Coarse-to-fine Hierarchical Architecture with Sequential Mamba for Brain Reconstruction
Title: CHASMBrain: A Coarse-to-Fine Hierarchical Framework Using Sequential Mamba for Brain Reconstruction
Abstract:
Bridging the gap between deep visual representations and the human visual system remains a pivotal challenge in computational neuroscience. Although contemporary vision models excel at image recognition, it is still unclear how well their internal structures mirror the hierarchical organization of the human visual cortex.

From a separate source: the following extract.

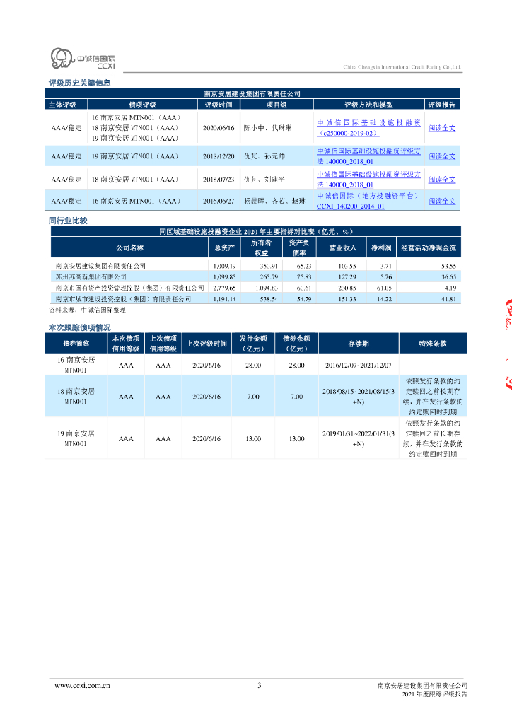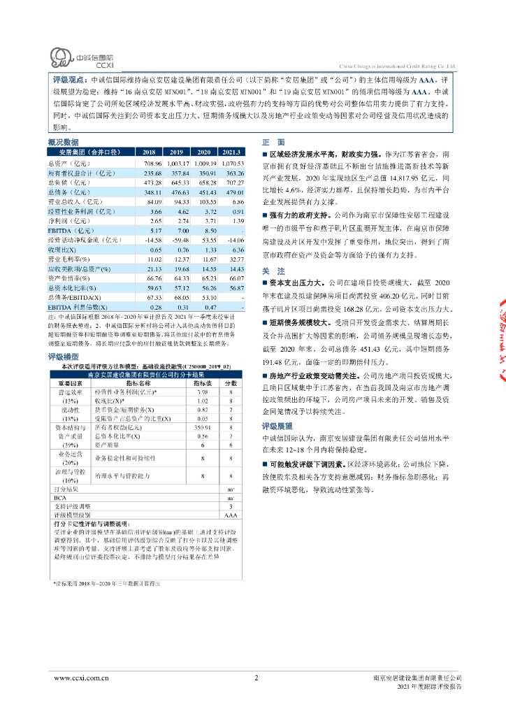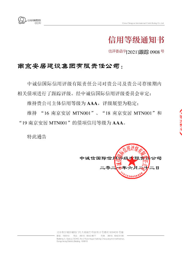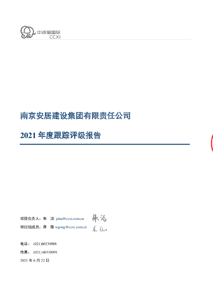 中诚信:南京安居建设集团有限责任公司主体信用评级报告及跟踪评级安排.pdf

To address this, we introduce CHASMBrain, a novel two-stage hierarchical framework designed for encoding images into fMRI data. Inspired by the functional architecture of the visual cortex, our approach utilizes a dual-stream Mamba design that distinctly separates and processes global semantic tokens from local spatial patches.

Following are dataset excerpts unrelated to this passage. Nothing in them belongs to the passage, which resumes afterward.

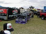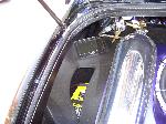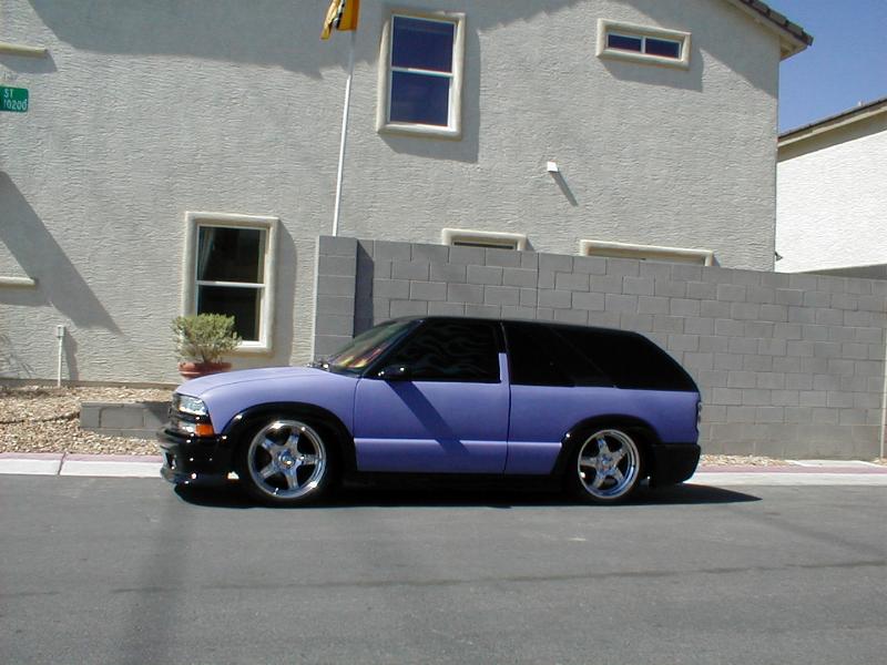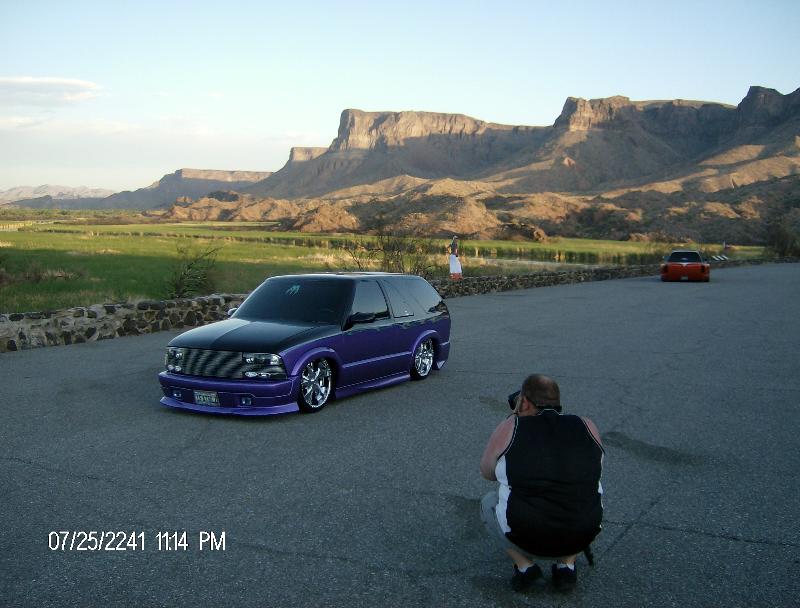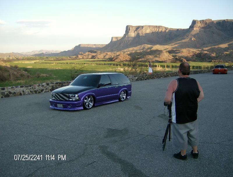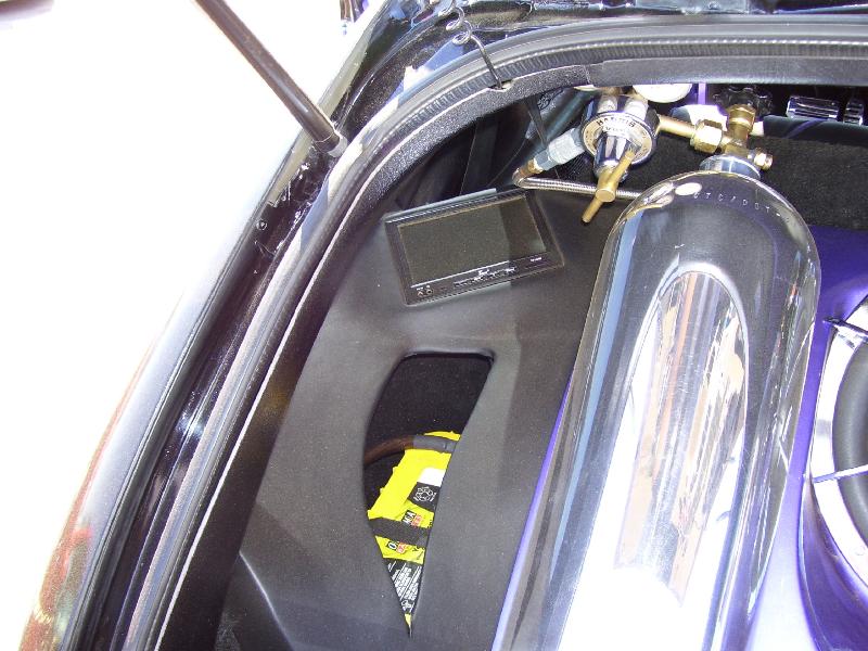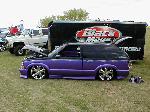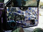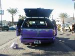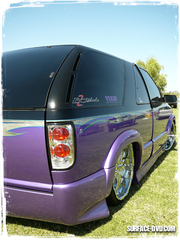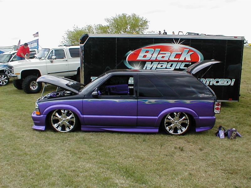 Billet Steering wheel form Kustom Kreationz, polished bezel, stainless gauges, polished flamed pedals ... Complete interior Black vynal and leather and violet tweed, fiberglass shaved doors skins, Molded facia tv, floor, seats with flames, shaved dash, head linner, everything even seat belts.., nobs, center council, extinguishers, Custom fiber glass enclosure. Painted 8 gallon expansion tank. Tailgate with amp molded in, 2-7 inch TV's in the rear, one 15.6 inch flip down, and 2 7 inch visor monitors with rear view mirror monitor. Tons of vibration control by FATMAT visit them at www.fatmat.com, way better than dynamat.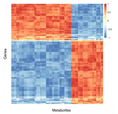 差異代謝物和差異功能基因的豐度相關性示例熱圖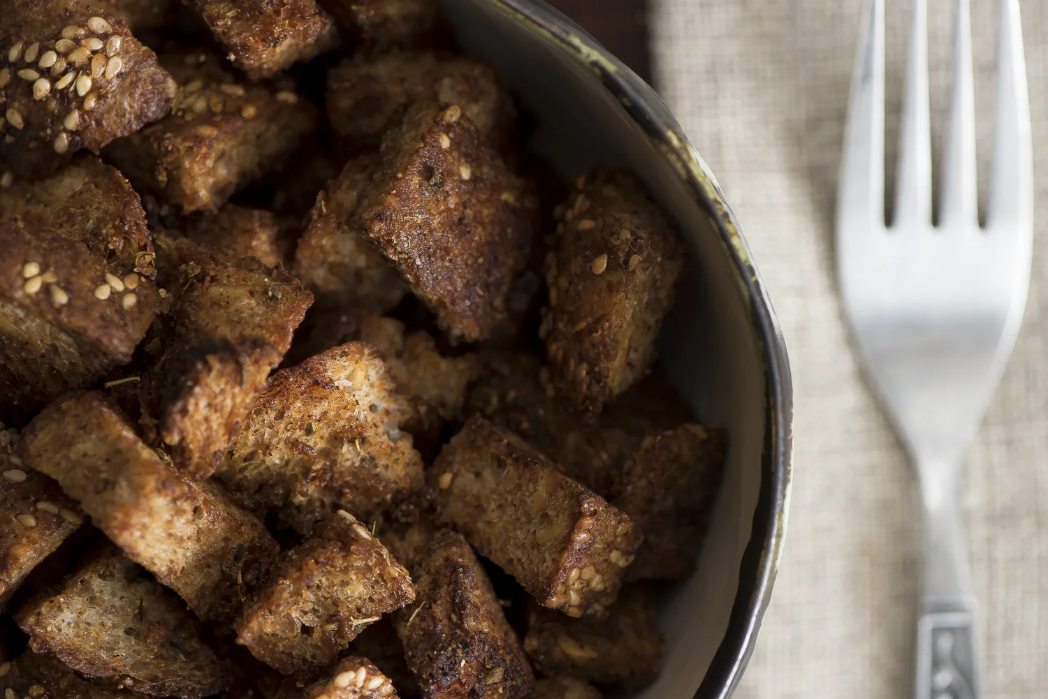 To prepare, slice bread into ¾-inch cubes. Place in a bowl and toss with extra virgin olive oil, herbs and spices of your choosing, and a dash of sea salt.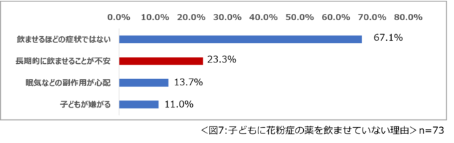 さらに「薬を飲ませていない」と回答した方に、薬を飲ませていない理由を複数選択で答えてもらったところ 、「飲ませるほどの症状ではない」と答えた方が 一番多く約67%でしたが、「長期的に飲ませることが不安」という方も2割以上おり、子どもの体への影響に不安を感じている方がいることがわかりました(図7) 。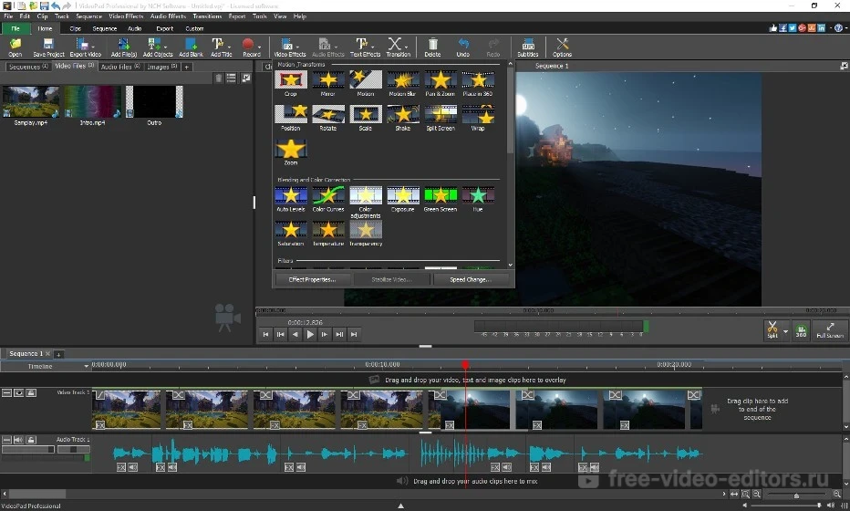 Если говорить про лучшие бесплатные видеоредакторы на русском языке, то VideoPad возглавляет этот список. Его функционал достаточен как для опытного пользователя, так и прост для изучения новичком видеомонтажа. Программа справляется с простейшими задачами: накладывание аудио, создание эффектов перехода, изменение скорости воспроизведения и др. Также хорошо подходит и для более сложных операций: поддерживает работу с хромакеем и рендеринг для популярных площадок и устройств.

The framework operates on a coarse-to-fine principle. In the first stage, the model predicts denoised activations at the region-of-interest (ROI) level. The second stage then refines these initial predictions into precise, full voxel-level outputs by employing a Mamba-VAE. We validated our method using the Natural Scenes Dataset (NSD), where it achieved a Pearson correlation of 0.429 and a Mean Squared Error (MSE) of 0.261. These results surpass all tested baselines, including ridge regression and linear probes based on DINOv2.
Beyond standard predictive metrics, causal branch-ablation studies uncovered an asymmetric specialization within the model: the patch stream is causally linked to early visual cortex regions (retinotopic areas), whereas the CLS stream provides broader semantic context to higher-order brain regions. This relationship is causal rather than merely correlational. Furthermore, cross-subject transfer tests indicate that the learned backbone generalizes effectively across different individuals with only minimal per-subject adaptation, implying that the model successfully captures a shared, subject-agnostic visual representation.